Using the data that follows, give again word for word the lines between the one holding "ラタンとチーク無垢材を組み合" and the one holding "A 23ª edição", inclusive. Omit the pictures.

#### AVAILABLE DATA ####

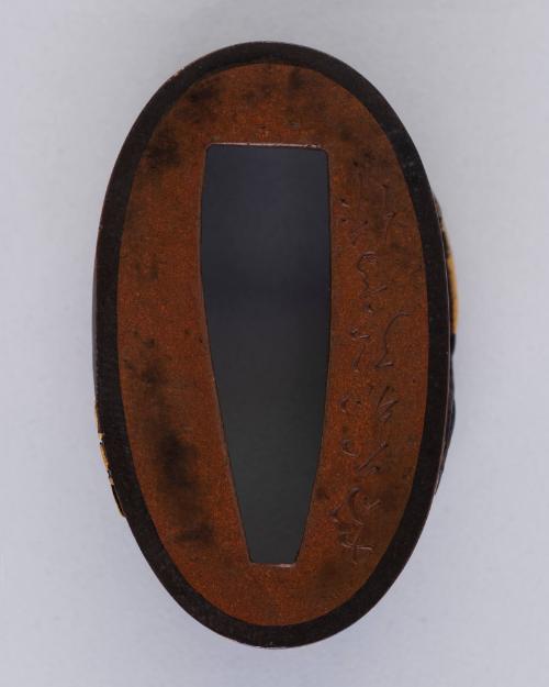 DescriptionShakudo is an alloy of copper and gold. Shibuichi is an alloy of copper, silver, and gold.
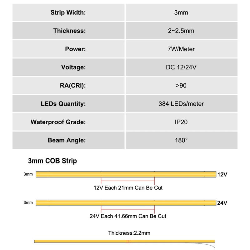 The Ultra Thin FOB COB LED Strip Light 3mm is a high-performance lighting solution designed for sleek, modern, and space-saving illumination. With a super fine 3mm width, this flexible 12V LED ribbon provides seamless lighting without visible dots, making it perfect for ambient lighting, backlighting, and decorative applications. Whether you need subtle lighting accents for cabinets, shelves, staircases, or automotive interiors, this LED strip light 3mm delivers consistent brightness with excellent energy efficiency.
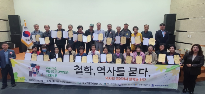 [뉴스노크=김인호 기자] 의성군은 10월 22일 문화체육관광부와 한국문화예술위원회가 주관하는 2025년 ‘지혜학교’ 프로그램의 마지막 강연 및 수료식을 의성조문국박물관 강당에서 성공적으로 마쳤다고 밝혔다.
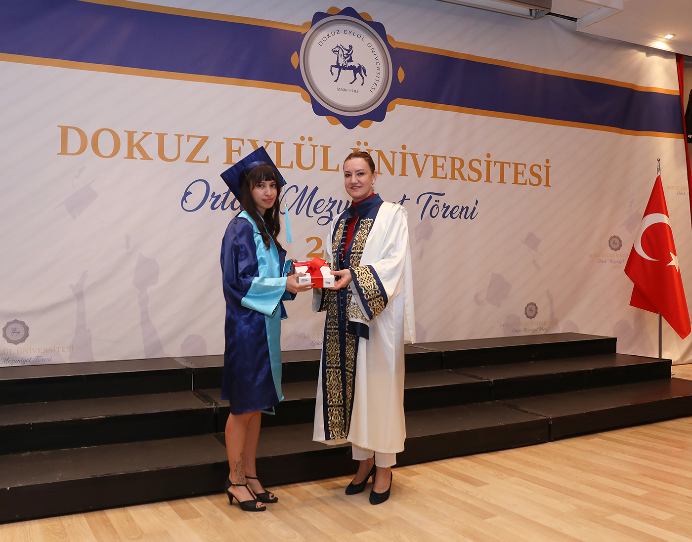 Dokuz Eylül Üniversitesi tarafından, 2018-2019 Akademik yılında üniversitenin çeşitli Fakülte, Yüksekokul ve Meslek Yüksekokullarından dereceyle mezun olan öğrenciler için “Ortak Mezuniyet Töreni” düzenlendi. Devlet Konservatuvarı sanatçılarının konseriyle başlayan etkinlikte; bölümlerini dereceyle bitiren öğrencilere; eğitim gördükleri bölümlerin yönetici öğretim üyeleri tarafından çeşitli hediyeler verildi. 2018 – 2019 akademik yılında 100 tam puanla DEÜ’yü birincilikle tamamlayan Fen Fakültesi Bilgisayar Bilimleri Bölümü mezunu Gökçe Önen’e hediyesini DEÜ Rektörü Prof. Dr. Nükhet Hotar takdim etti.
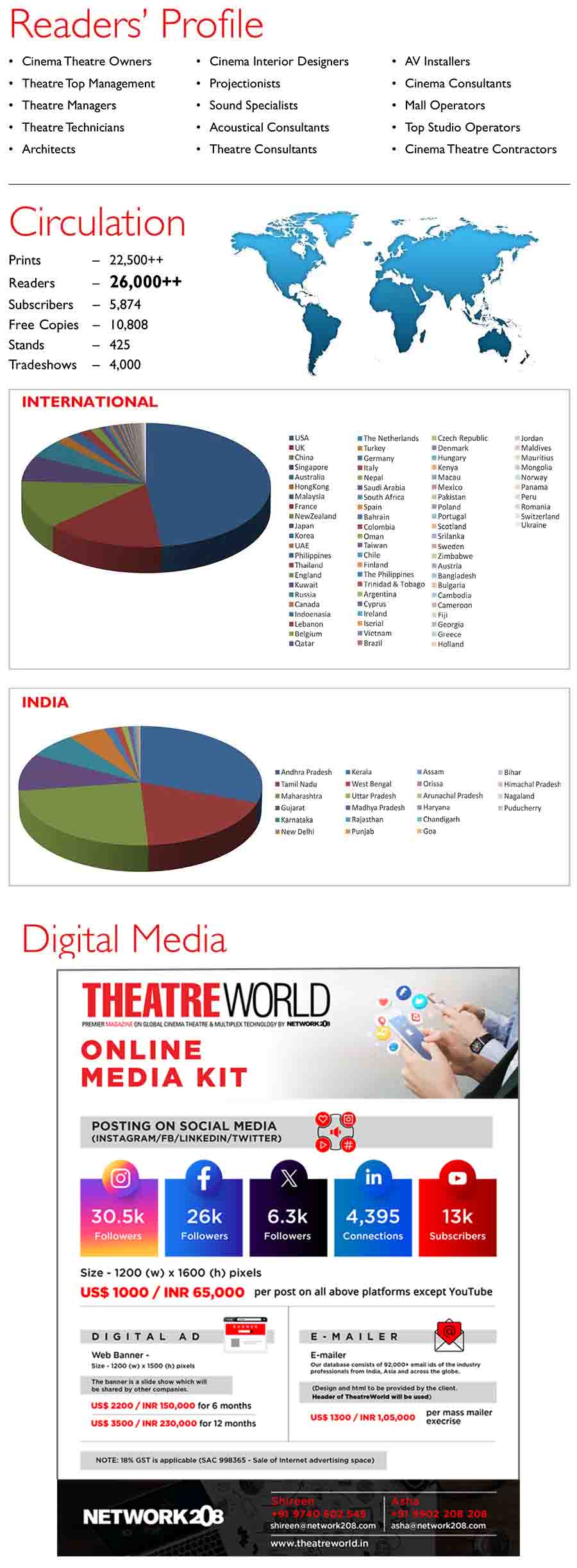 The magazine has witnessed the transformation from Film-reel Cinema to Digital Cinema. It is strongly focused on Multiplexes and Single Screen cinema theatre market with international reach.
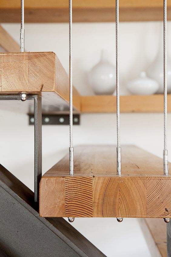 A través de tirantes de acero que van desde el techo, crean un efecto óptico que hace flotar la escalera. Los peldaños quedan atravesados con estos tirantes permitiendo su sostén. Además de cumplir esa función, también sirven en este caso, como “baranda” ayudando a la persona se sienta más segura.
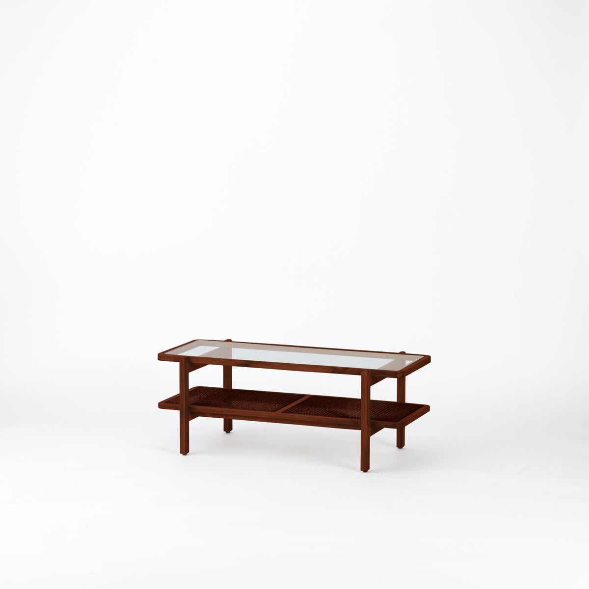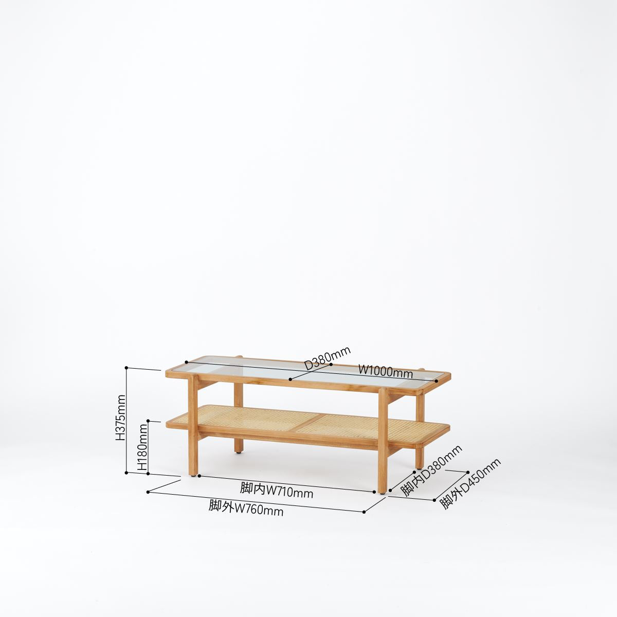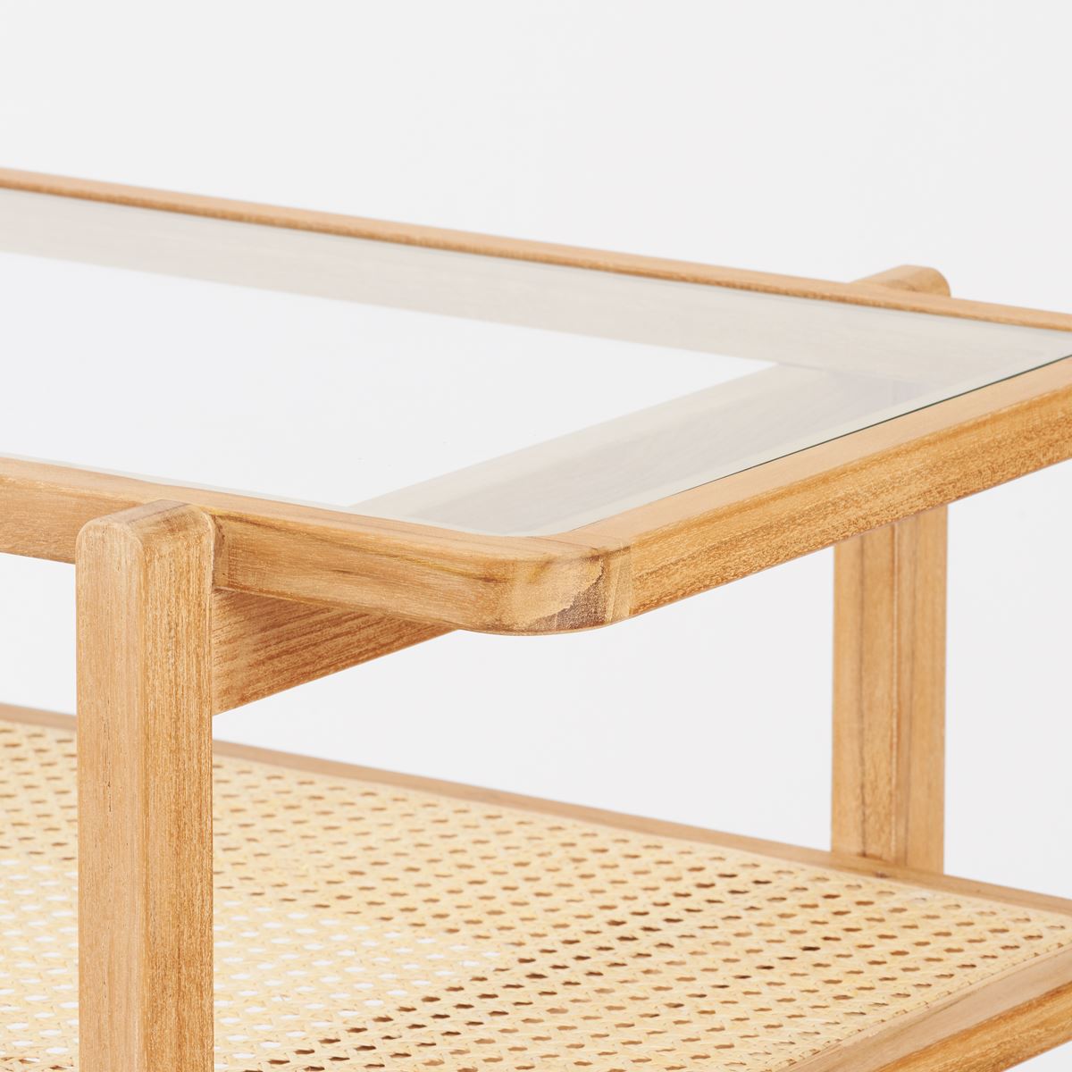 ラタンとチーク無垢材を組み合わせたリビングテーブル。ラタンは手編みなのでハンドメイドの温かみを感じていただけます。ガラス天板とラタン編みで圧迫感の少ないデザインで、下の棚はディスプレイスペースとしても活用できます。
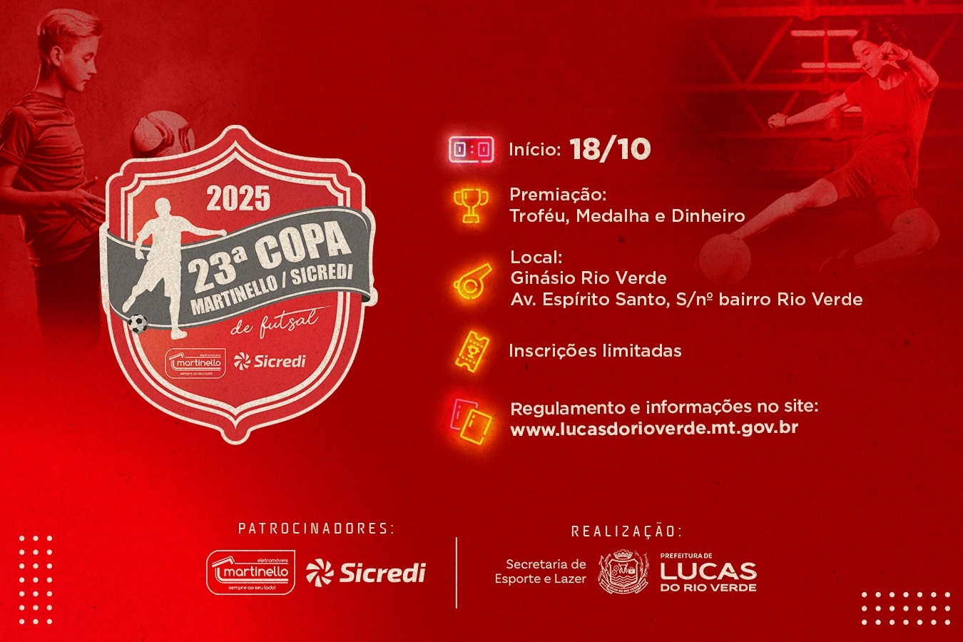 A 23ª edição da Copa Martinello/Sicredi de Futsal terá início neste sábado (18), a partir das 19h, no Ginásio Rio Verde. A competição, uma das mais tradicionais do esporte amador em Lucas do Rio Verde, contará com 156 equipes inscritas e mais de 200 jogos programados.
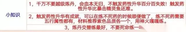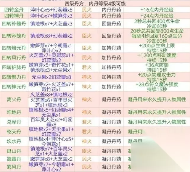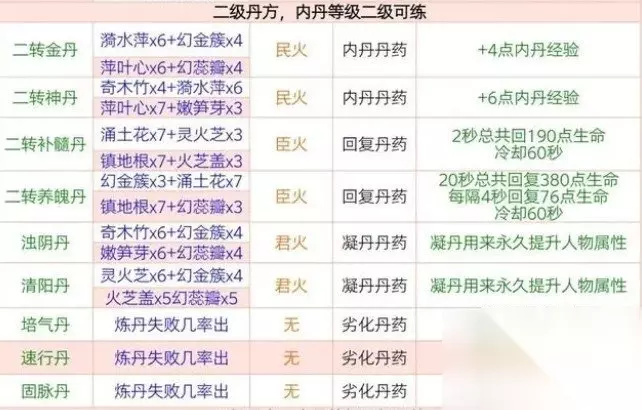 二、二级丹方(内丹等级二级可炼) 二转金丹=幻金簇x6+漪水萍x4+民火 二转神丹=奇木竹x6+漪水萍x4+民火 二转补髓丹=灵火芝x6+涌土花x4+臣火 二转养魄丹=幻金簇x6+涌土花x4+臣火 浊阴丹=奇木竹x6+幻金簇x4+君火 清阳丹=灵火芝x6+幻金簇x4+君火 培气丹:炼丹失败几率产出 速行丹:炼丹失败几率产出 固脉丹:炼丹失败几率产出

####

#### [RESULT OF THE TASK]
 ラタンとチーク無垢材を組み合わせたリビングテーブル。ラタンは手編みなのでハンドメイドの温かみを感じていただけます。ガラス天板とラタン編みで圧迫感の少ないデザインで、下の棚はディスプレイスペースとしても活用できます。
 A 23ª edição da Copa Martinello/Sicredi de Futsal terá início neste sábado (18), a partir das 19h, no Ginásio Rio Verde. A competição, uma das mais tradicionais do esporte amador em Lucas do Rio Verde, contará com 156 equipes inscritas e mais de 200 jogos programados.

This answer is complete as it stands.